All eyes were on her, making her stomach clench in tight spasms. At least Alan's voice was steady and kind.
"Molly has a double degree in journalism and literature. She's a remote editor for several large-scale magazines and has even worked with a couple of publishing houses as a freelance editor. We're very lucky she's agreed to join the Britton Bay Bulletin. As you all know, I've been spread a little thin lately and Molly is going to be my right hand."
"Welcome. Again," Elizabeth Grover said, a tight smile on her unpainted lips. They'd met when Molly had arrived this morning.
Elizabeth was probably in her fifties, and Molly knew she wrote most of the small pieces for the online and print versions of the paper. After accepting the position via email and phone interviews, Molly had done a bit of research on both the staff and the paper. Elizabeth was somewhat reserved, even though she'd been nothing but polite.
The young man seated to Elizabeth's right gave a different kind of smile — one Molly didn't want to dwell on for too long. The kind that most people — women especially — would look away from. Molly held his gaze, unwilling to show discomfort. From the corner of his upturned lips, a dark blue pen cap was sticking out. He pulled it out to speak.

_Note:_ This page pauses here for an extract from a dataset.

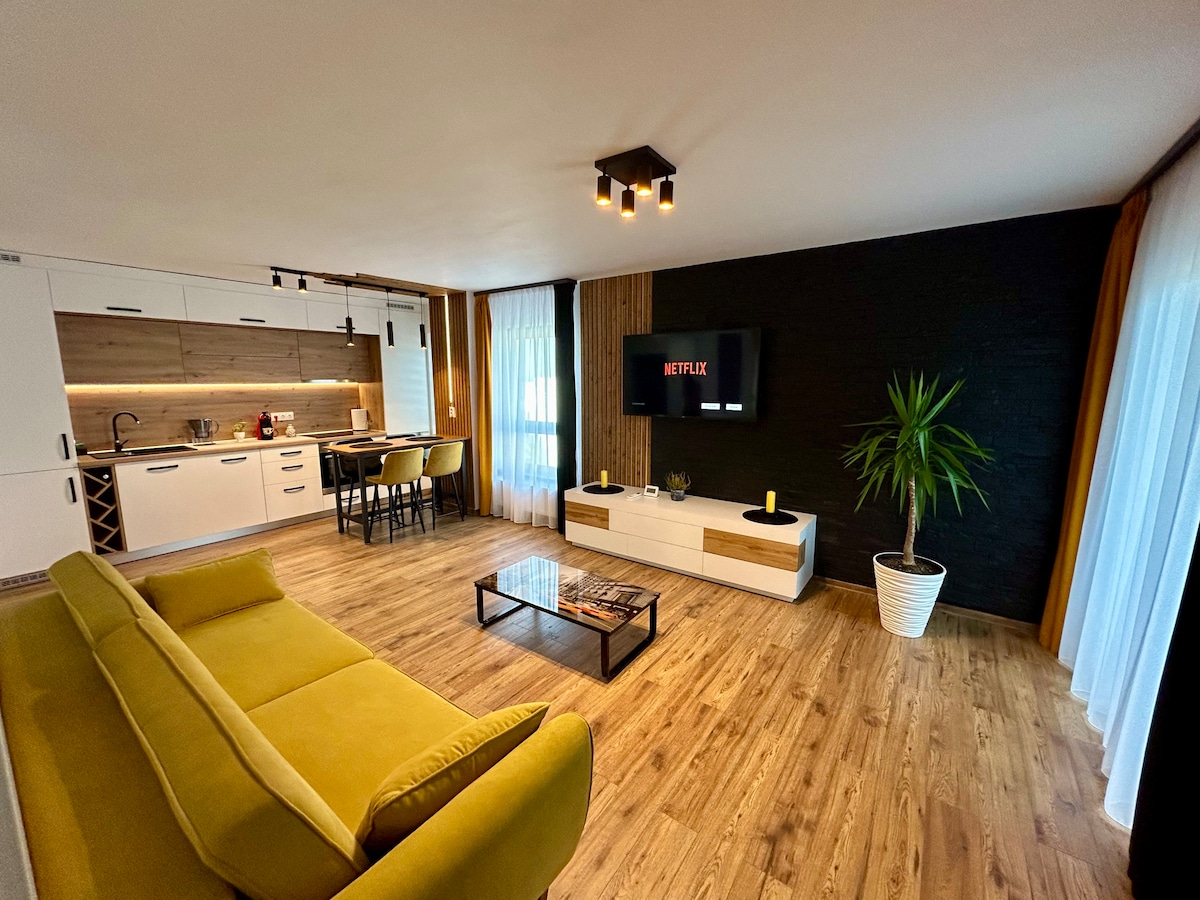 Welcome to our brand new one-bedroom apartment in Cluj Napoca, just 2 km from the city center! Perfect for solo travelers, couples, or small groups, this stylish space features a comfy double bed, an expandable couch, a fully equipped kitchen, Smart TV with cable& Netflix, and a beautifully furnished bathroom. Come enjoy a cup of coffee on the house while you take in the peaceful surroundings from the terrace. Private parking and self-check-in are included. We look forward to hosting you!

"Nice to meet you," he said, running a hand through his blond, slightly shaggy hair. "I'm Clay. I'm only here part-time. I do some of the photography and the social media. What there is of it, anyway."
Laughing like he'd shared a joke, Clay put the cap back in his mouth — a plastic toothpick. Molly nodded and locked eyes with the man to Clay's left. It was his scowling face that suppressed any joy she might have felt over a position she'd been excited to take. She almost preferred the lecherous grin of the younger man to the simmering anger burning in this man's eyes.
"You want to introduce yourself, Vernon?" Alan asked, sending Molly an apologetic look.
She tried to smile reassuringly, but nerves zipped around her stomach like horses on a racetrack. Breathe. You're meant to be here.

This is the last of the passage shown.